Recorded information section start
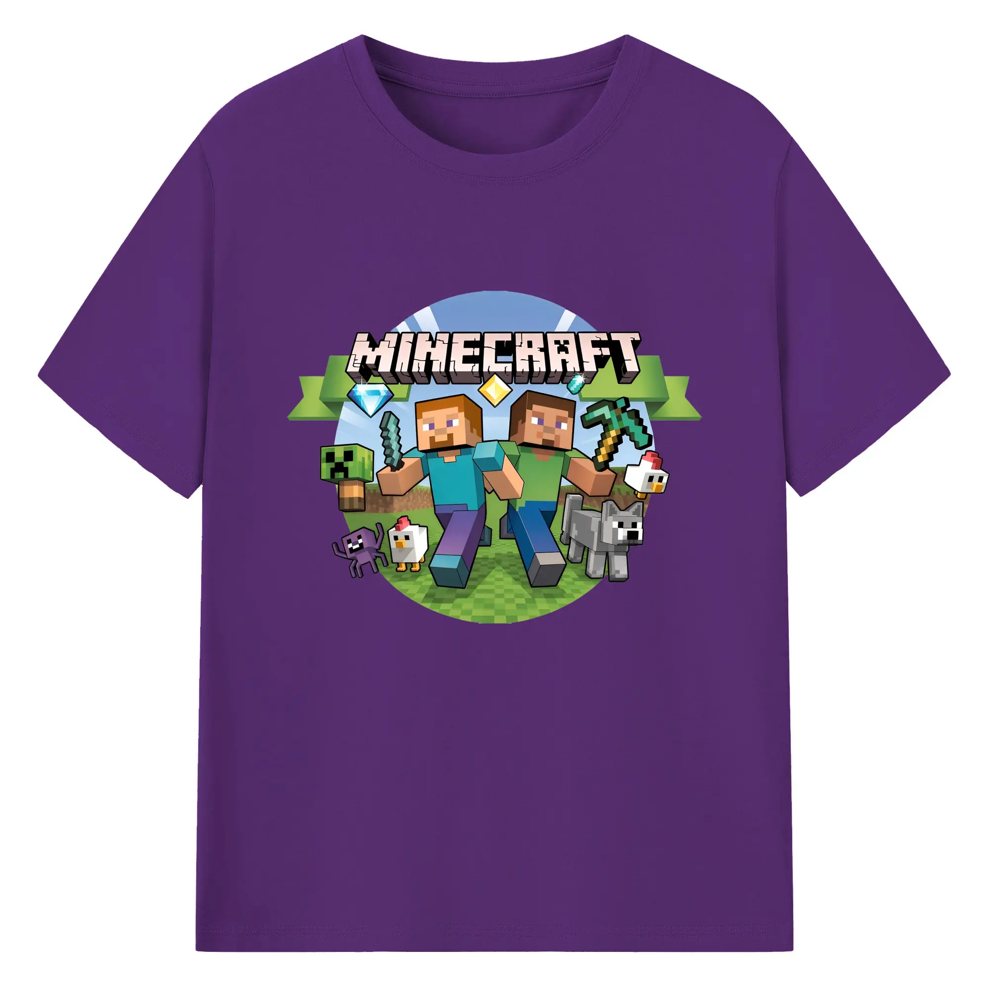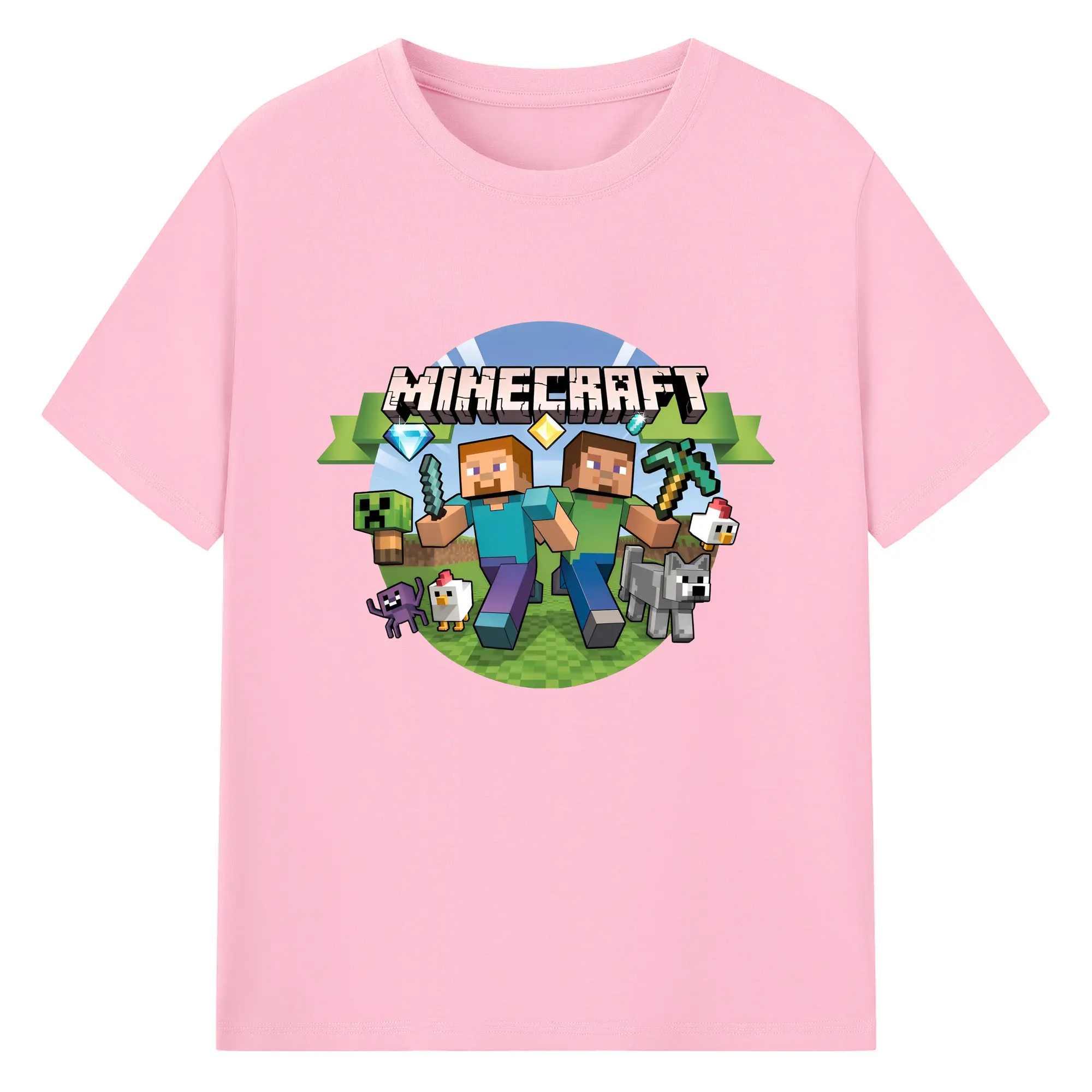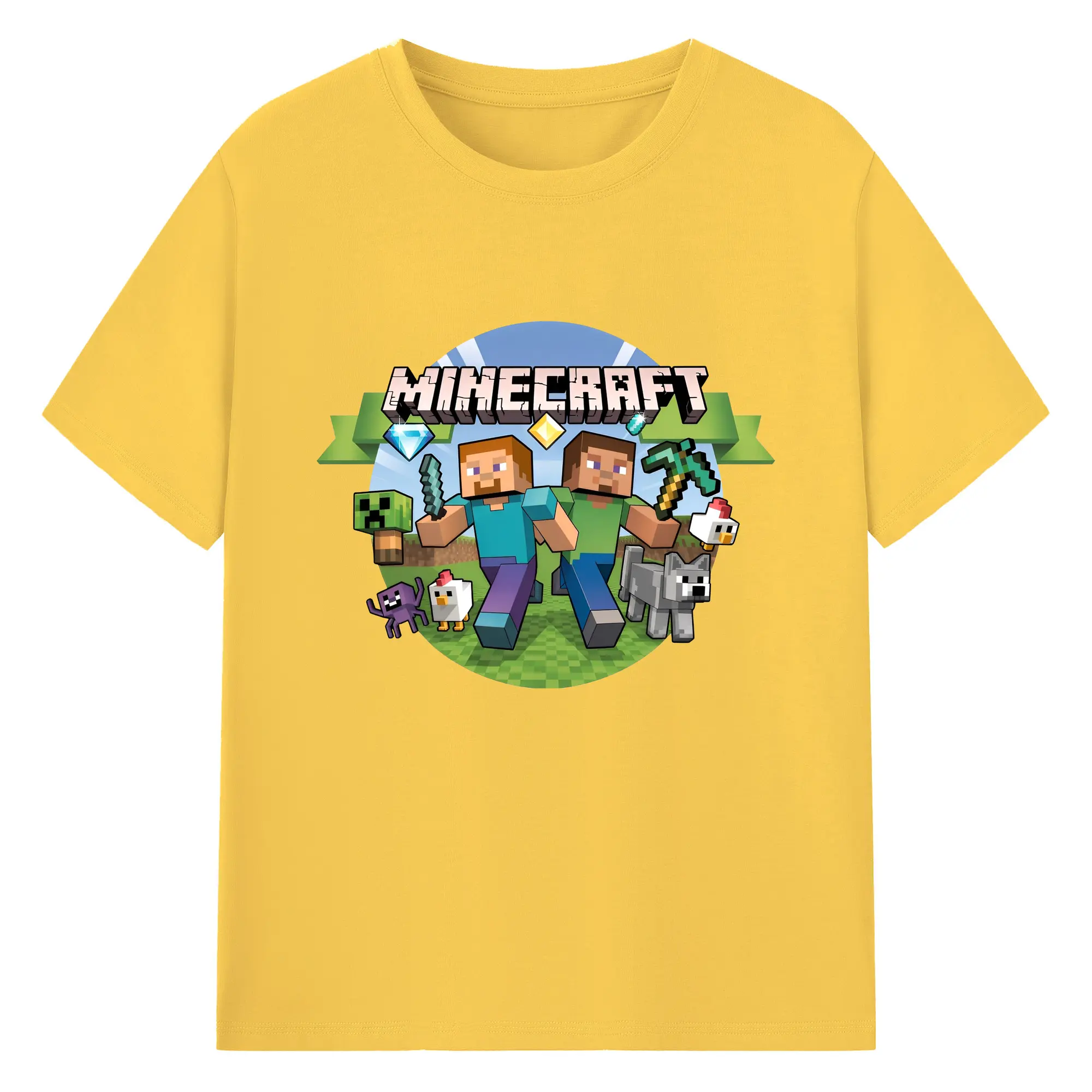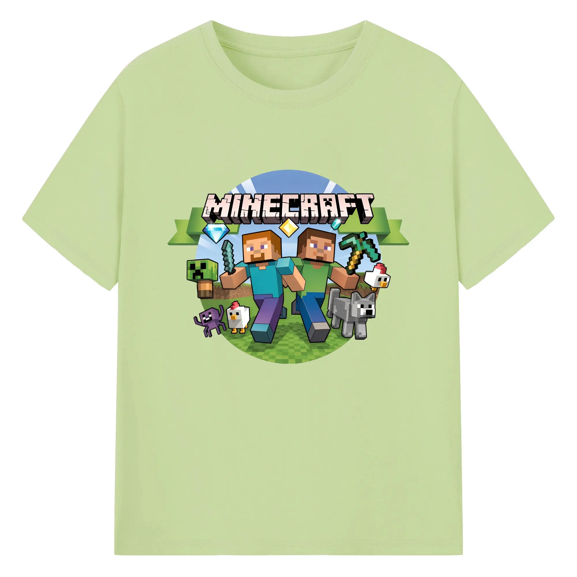 マインクラフト アドベンチャー モチーフ - 綿100% ヴィンテージ風 半袖Tシャツ ・ フロントプリント ・ 柔らか肌触り ・ 通気性 快適 ・ スポーツ カジュアル 外出用
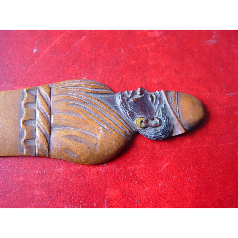 Abrecartas antiguo de madera de 34,5 cms. de longitud con mango tallado.
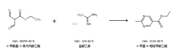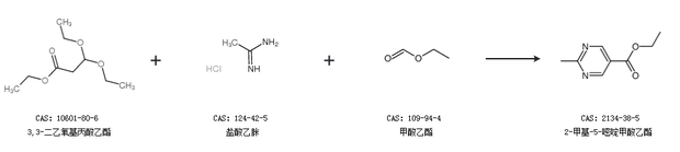 2.通过2-甲酰基-3-氧代丙酸乙酯和盐酸乙脒合成2-甲基-5-嘧啶甲酸乙酯
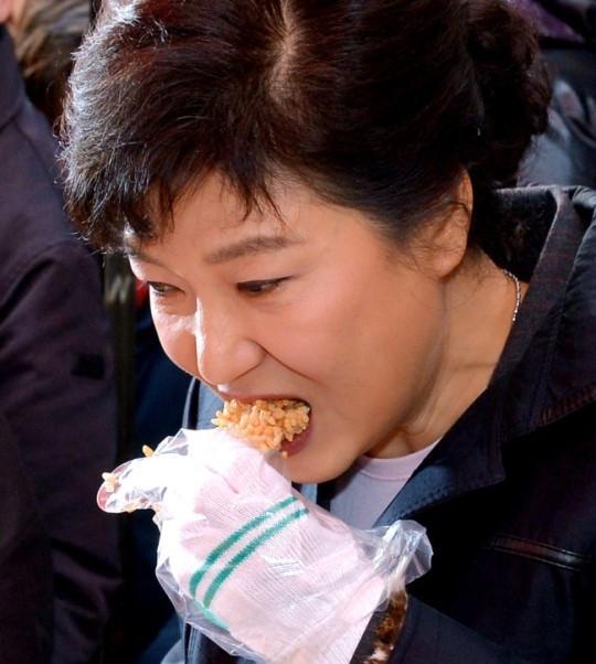2012年11月,總統(tǒng)候選人樸槿惠現(xiàn)身傳統(tǒng)市場,購買糕點(diǎn)并品嘗。
Recorded information section end
Only the pictures are to be left out; repeat all other material exactly.

* **Your solution**
 マインクラフト アドベンチャー モチーフ - 綿100% ヴィンテージ風 半袖Tシャツ ・ フロントプリント ・ 柔らか肌触り ・ 通気性 快適 ・ スポーツ カジュアル 外出用
 Abrecartas antiguo de madera de 34,5 cms. de longitud con mango tallado.
 2.通过2-甲酰基-3-氧代丙酸乙酯和盐酸乙脒合成2-甲基-5-嘧啶甲酸乙酯
2012年11月,總統(tǒng)候選人樸槿惠現(xiàn)身傳統(tǒng)市場,購買糕點(diǎn)并品嘗。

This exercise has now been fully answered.